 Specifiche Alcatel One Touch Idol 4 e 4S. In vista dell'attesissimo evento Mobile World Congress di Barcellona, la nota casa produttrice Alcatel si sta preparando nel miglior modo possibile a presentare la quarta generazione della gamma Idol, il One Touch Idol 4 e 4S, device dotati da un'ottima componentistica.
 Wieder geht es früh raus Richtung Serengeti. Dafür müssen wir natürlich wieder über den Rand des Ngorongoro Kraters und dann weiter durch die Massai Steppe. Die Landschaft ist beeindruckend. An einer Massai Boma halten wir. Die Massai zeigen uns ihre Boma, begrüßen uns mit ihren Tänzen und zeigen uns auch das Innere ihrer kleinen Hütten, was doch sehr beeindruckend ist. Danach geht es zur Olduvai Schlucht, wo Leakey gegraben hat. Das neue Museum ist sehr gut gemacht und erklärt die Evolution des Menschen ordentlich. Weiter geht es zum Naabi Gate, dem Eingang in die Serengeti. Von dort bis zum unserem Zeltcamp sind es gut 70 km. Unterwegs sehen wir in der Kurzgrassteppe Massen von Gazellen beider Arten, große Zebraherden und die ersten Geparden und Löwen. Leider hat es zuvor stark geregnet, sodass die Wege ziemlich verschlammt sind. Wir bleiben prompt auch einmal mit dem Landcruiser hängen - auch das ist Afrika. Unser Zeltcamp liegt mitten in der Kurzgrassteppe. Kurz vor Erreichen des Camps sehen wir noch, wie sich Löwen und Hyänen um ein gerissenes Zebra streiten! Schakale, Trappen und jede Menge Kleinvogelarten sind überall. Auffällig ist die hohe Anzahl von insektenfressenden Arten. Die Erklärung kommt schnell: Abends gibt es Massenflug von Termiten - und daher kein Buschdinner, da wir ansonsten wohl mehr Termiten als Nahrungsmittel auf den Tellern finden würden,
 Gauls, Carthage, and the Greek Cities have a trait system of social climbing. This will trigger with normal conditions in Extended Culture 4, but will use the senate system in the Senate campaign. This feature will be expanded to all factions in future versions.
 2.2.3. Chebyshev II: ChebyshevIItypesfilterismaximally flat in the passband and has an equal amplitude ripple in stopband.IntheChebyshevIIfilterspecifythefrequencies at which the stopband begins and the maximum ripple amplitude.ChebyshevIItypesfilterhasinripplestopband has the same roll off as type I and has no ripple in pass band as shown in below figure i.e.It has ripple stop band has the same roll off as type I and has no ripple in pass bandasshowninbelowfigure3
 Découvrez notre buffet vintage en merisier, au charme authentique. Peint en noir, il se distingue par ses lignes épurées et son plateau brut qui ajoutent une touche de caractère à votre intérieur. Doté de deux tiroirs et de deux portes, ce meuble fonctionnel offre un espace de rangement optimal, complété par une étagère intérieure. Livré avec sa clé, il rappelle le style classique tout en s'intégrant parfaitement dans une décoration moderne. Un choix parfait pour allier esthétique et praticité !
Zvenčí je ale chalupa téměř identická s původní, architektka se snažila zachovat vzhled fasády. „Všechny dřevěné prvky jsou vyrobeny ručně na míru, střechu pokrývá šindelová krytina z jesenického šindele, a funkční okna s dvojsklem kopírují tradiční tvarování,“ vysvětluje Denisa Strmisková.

** To do **
Set down the whole listing exactly.

** Task answer **
 Specifiche Alcatel One Touch Idol 4 e 4S. In vista dell'attesissimo evento Mobile World Congress di Barcellona, la nota casa produttrice Alcatel si sta preparando nel miglior modo possibile a presentare la quarta generazione della gamma Idol, il One Touch Idol 4 e 4S, device dotati da un'ottima componentistica.
 Wieder geht es früh raus Richtung Serengeti. Dafür müssen wir natürlich wieder über den Rand des Ngorongoro Kraters und dann weiter durch die Massai Steppe. Die Landschaft ist beeindruckend. An einer Massai Boma halten wir. Die Massai zeigen uns ihre Boma, begrüßen uns mit ihren Tänzen und zeigen uns auch das Innere ihrer kleinen Hütten, was doch sehr beeindruckend ist. Danach geht es zur Olduvai Schlucht, wo Leakey gegraben hat. Das neue Museum ist sehr gut gemacht und erklärt die Evolution des Menschen ordentlich. Weiter geht es zum Naabi Gate, dem Eingang in die Serengeti. Von dort bis zum unserem Zeltcamp sind es gut 70 km. Unterwegs sehen wir in der Kurzgrassteppe Massen von Gazellen beider Arten, große Zebraherden und die ersten Geparden und Löwen. Leider hat es zuvor stark geregnet, sodass die Wege ziemlich verschlammt sind. Wir bleiben prompt auch einmal mit dem Landcruiser hängen - auch das ist Afrika. Unser Zeltcamp liegt mitten in der Kurzgrassteppe. Kurz vor Erreichen des Camps sehen wir noch, wie sich Löwen und Hyänen um ein gerissenes Zebra streiten! Schakale, Trappen und jede Menge Kleinvogelarten sind überall. Auffällig ist die hohe Anzahl von insektenfressenden Arten. Die Erklärung kommt schnell: Abends gibt es Massenflug von Termiten - und daher kein Buschdinner, da wir ansonsten wohl mehr Termiten als Nahrungsmittel auf den Tellern finden würden,
 Gauls, Carthage, and the Greek Cities have a trait system of social climbing. This will trigger with normal conditions in Extended Culture 4, but will use the senate system in the Senate campaign. This feature will be expanded to all factions in future versions.
 2.2.3. Chebyshev II: ChebyshevIItypesfilterismaximally flat in the passband and has an equal amplitude ripple in stopband.IntheChebyshevIIfilterspecifythefrequencies at which the stopband begins and the maximum ripple amplitude.ChebyshevIItypesfilterhasinripplestopband has the same roll off as type I and has no ripple in pass band as shown in below figure i.e.It has ripple stop band has the same roll off as type I and has no ripple in pass bandasshowninbelowfigure3
 Découvrez notre buffet vintage en merisier, au charme authentique. Peint en noir, il se distingue par ses lignes épurées et son plateau brut qui ajoutent une touche de caractère à votre intérieur. Doté de deux tiroirs et de deux portes, ce meuble fonctionnel offre un espace de rangement optimal, complété par une étagère intérieure. Livré avec sa clé, il rappelle le style classique tout en s'intégrant parfaitement dans une décoration moderne. Un choix parfait pour allier esthétique et praticité !
Zvenčí je ale chalupa téměř identická s původní, architektka se snažila zachovat vzhled fasády. „Všechny dřevěné prvky jsou vyrobeny ručně na míru, střechu pokrývá šindelová krytina z jesenického šindele, a funkční okna s dvojsklem kopírují tradiční tvarování,“ vysvětluje Denisa Strmisková.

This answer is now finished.